▶ **ASSIGNMENT**: Below is a listing; print exactly its lines from the one containing "বিজয় নামক এক" down to the one containing "1.大白菜u盘启动工具怎么使", both inclusive, with every picture left out.

▶ **EXERCISE MATERIALS**:
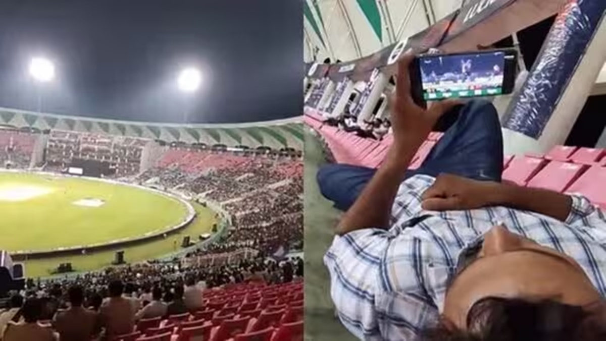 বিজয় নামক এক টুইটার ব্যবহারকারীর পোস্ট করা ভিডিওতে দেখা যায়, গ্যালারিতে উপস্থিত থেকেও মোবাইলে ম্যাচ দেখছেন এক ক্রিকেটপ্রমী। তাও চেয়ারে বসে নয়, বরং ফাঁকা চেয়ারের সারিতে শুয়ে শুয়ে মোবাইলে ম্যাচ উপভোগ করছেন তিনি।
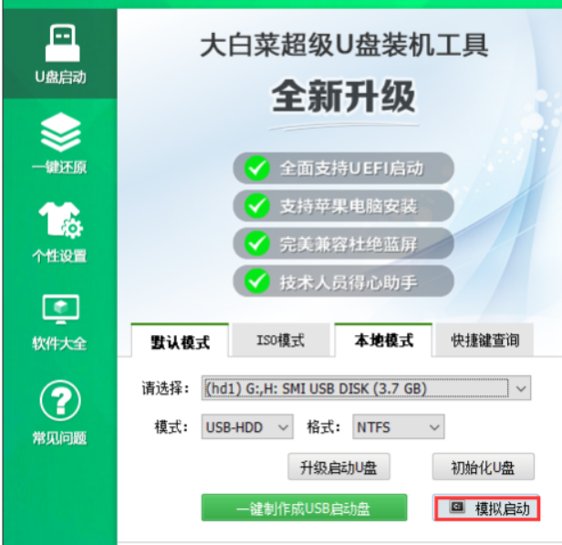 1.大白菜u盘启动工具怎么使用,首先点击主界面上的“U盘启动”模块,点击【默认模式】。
---
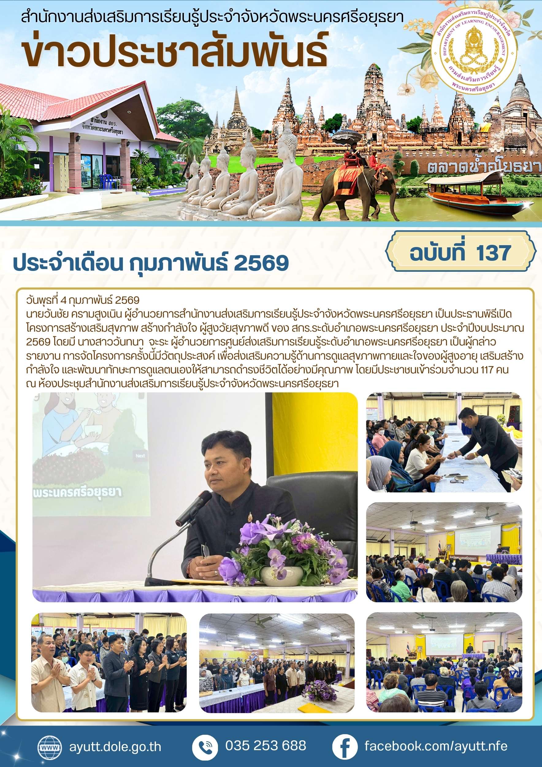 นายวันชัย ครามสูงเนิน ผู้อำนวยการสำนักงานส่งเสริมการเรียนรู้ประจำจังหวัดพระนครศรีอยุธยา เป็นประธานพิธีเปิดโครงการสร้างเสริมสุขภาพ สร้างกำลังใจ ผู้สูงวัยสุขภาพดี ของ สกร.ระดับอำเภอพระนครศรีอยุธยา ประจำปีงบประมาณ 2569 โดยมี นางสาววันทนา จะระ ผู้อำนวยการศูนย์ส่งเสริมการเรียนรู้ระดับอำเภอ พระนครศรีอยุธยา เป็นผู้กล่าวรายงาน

▶ **RESPONSE TO THIS TASK**:
 বিজয় নামক এক টুইটার ব্যবহারকারীর পোস্ট করা ভিডিওতে দেখা যায়, গ্যালারিতে উপস্থিত থেকেও মোবাইলে ম্যাচ দেখছেন এক ক্রিকেটপ্রমী। তাও চেয়ারে বসে নয়, বরং ফাঁকা চেয়ারের সারিতে শুয়ে শুয়ে মোবাইলে ম্যাচ উপভোগ করছেন তিনি।
 1.大白菜u盘启动工具怎么使用,首先点击主界面上的“U盘启动”模块,点击【默认模式】。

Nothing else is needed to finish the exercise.